Records supplied
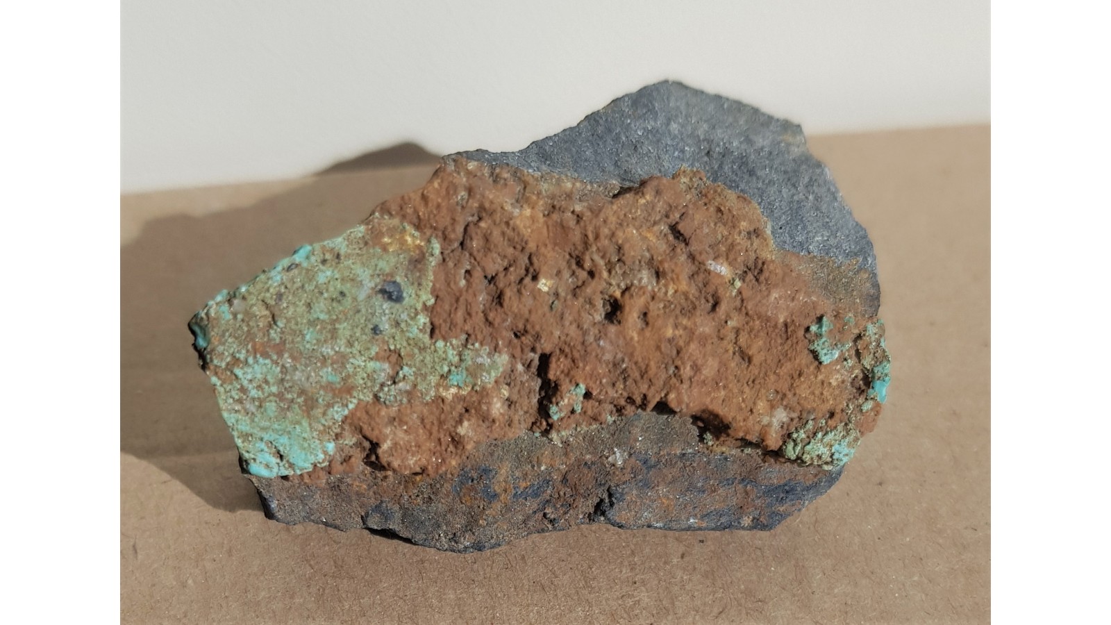 Okaz bardzo ładnie zabarwionego turkusu z wystąpienia łupków krzemionkowych na Wzgórzu Lisiec k. Strzegomia. Jest to wypełnienie żyły w łupkach krzemionkowych wśród żelazistej substancji mineralnej. Całość zwarta, masywna, niespękana. Niewieki okaz, lecz z doskonałą barwą, na skale oraz z bardzo charakterystycznym dla turkusu groniastym wykształceniem skupienia. Rzadkość w kolekcjach minerałów sudeckich, polecam.
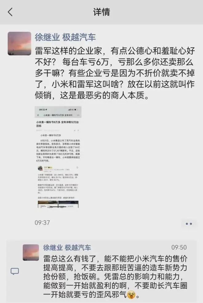 因?yàn)樾∶灼嚤炯径忍潛p18億元,有媒體據(jù)此計(jì)算小米汽車單車虧損超過(guò)6萬(wàn)元;結(jié)果極越汽車公關(guān)負(fù)責(zé)人徐繼業(yè)8月22日上午在朋友圈“陰陽(yáng)”雷軍,“每臺(tái)車虧6萬(wàn),虧那么多你還賣那么多干嘛?”
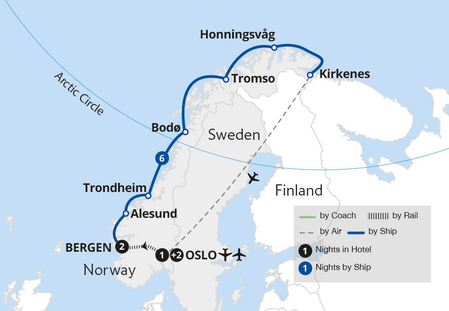Join us on a summertime journey across the length of Norway - from Oslo to the Arctic Circle. Travel on four of the country's world-renowned rail routes, the Flåm, Bergen, Nordland and Rauma railways and cruise across the Geirangerfjord, discovering otherworldly landscapes. On this top-rated tour of Norway's beautiful cities and the arctic...
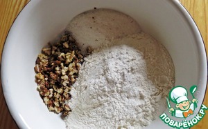 В миске смешать орехи, сахар и просеянную муку. -
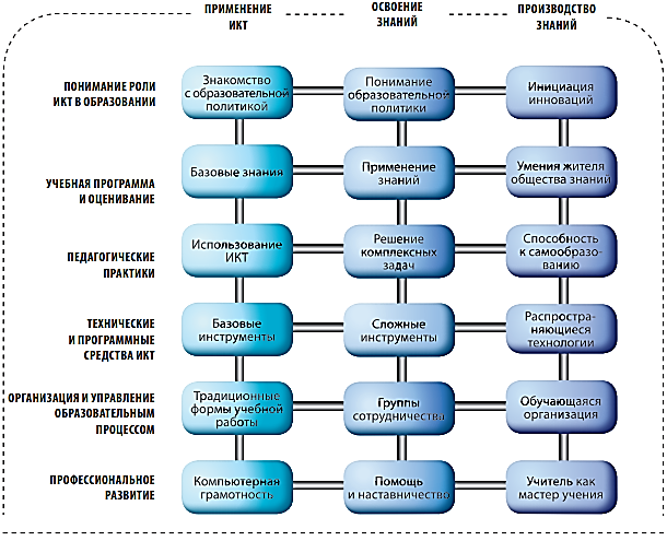 Рис. 1. Структура ИКТ-компетентности. Рекомендации Юнеско. 2011 г Обратимся к анализу понятия «цифровая грамотность». Впервые (в 1997 году) его ввел Пол Гилстер, американский писатель и журналист [6]. По мнению П.Гилстера, постоянное присутствие в Интернете, в поле гипертекста, дающего возможность быстрой навигации с одного ресурса на другой, формирует новые паттерны поведения человека, приемы поиска информации, особенности общения. Это приводит к формированию сетевого мышления, основная черта которого – высокая степень информационно-коммуникационной активности. П.Гилстер акцентирует социо-коммуникативные аспекты в деятельности человека и определяет цифровую грамотность как способность критически понимать и использовать информацию, получаемую посредством компьютера в различных форматах из широкого диапазона источников. В определении цифровой грамотности, предложенном Алланом Мартином включен социальный аспект и конкретизированы действия, выполняемые в интернете: осознание, установки и способность отдельных лиц надлежащим образом использовать цифровые инструменты и средства для идентификации, доступа, управления, интеграции, оценки, анализа и синтеза цифровых ресурсов, для построения систем новых знаний, а также общения с другими людьми с целью конструктивных социальных действий в контексте конкретных жизненных ситуаций [7, p. 19]. Таким образом, мы убеждаемся, что цифровая грамотность служит необходимым условием формирования цифровой компетентности пользователей. Это понятие рассматриваем в контексте перспектив развития цифровизации образования. В аналитическом отчете международной компании The Boston Consulting Group (BCG) «От кадров к талантам» представлена «Целевая модель компетенций 2025», компетенций, значимых для эффективного развития общественного устройства и экономики РФ. Данная модель включает три группы компетенций: социально-поведенческие, когнитивные и цифровые навыки [8, с. 20]. К цифровым навыкам, в данной модели, относятся: создание систем и управление информацией.
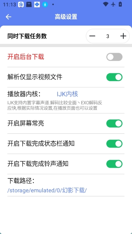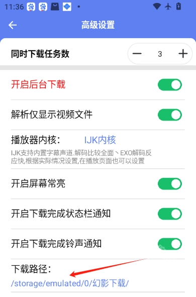 2. 在高级设置中能够看到路径(安装后的默认路径为/storage/emulated/0/幻影/),幻影文件就存放在这个目录里面。
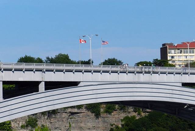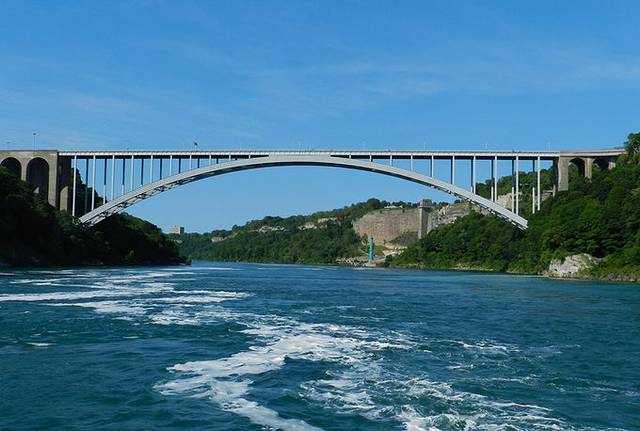 满载百余名乘客的游轮离开码头,驶入尼亚加拉河心,从船尾望去,彩虹桥飞架东西,美国和加拿大之间天堑变通途。

Problem statement
From the opening line of the entries, copy each line exactly until the line with "因?yàn)樾∶灼嚤炯径忍潛", which is copied as well; leave out pictures.

Reply
 Okaz bardzo ładnie zabarwionego turkusu z wystąpienia łupków krzemionkowych na Wzgórzu Lisiec k. Strzegomia. Jest to wypełnienie żyły w łupkach krzemionkowych wśród żelazistej substancji mineralnej. Całość zwarta, masywna, niespękana. Niewieki okaz, lecz z doskonałą barwą, na skale oraz z bardzo charakterystycznym dla turkusu groniastym wykształceniem skupienia. Rzadkość w kolekcjach minerałów sudeckich, polecam.
 因?yàn)樾∶灼嚤炯径忍潛p18億元,有媒體據(jù)此計(jì)算小米汽車單車虧損超過(guò)6萬(wàn)元;結(jié)果極越汽車公關(guān)負(fù)責(zé)人徐繼業(yè)8月22日上午在朋友圈“陰陽(yáng)”雷軍,“每臺(tái)車虧6萬(wàn),虧那么多你還賣那么多干嘛?”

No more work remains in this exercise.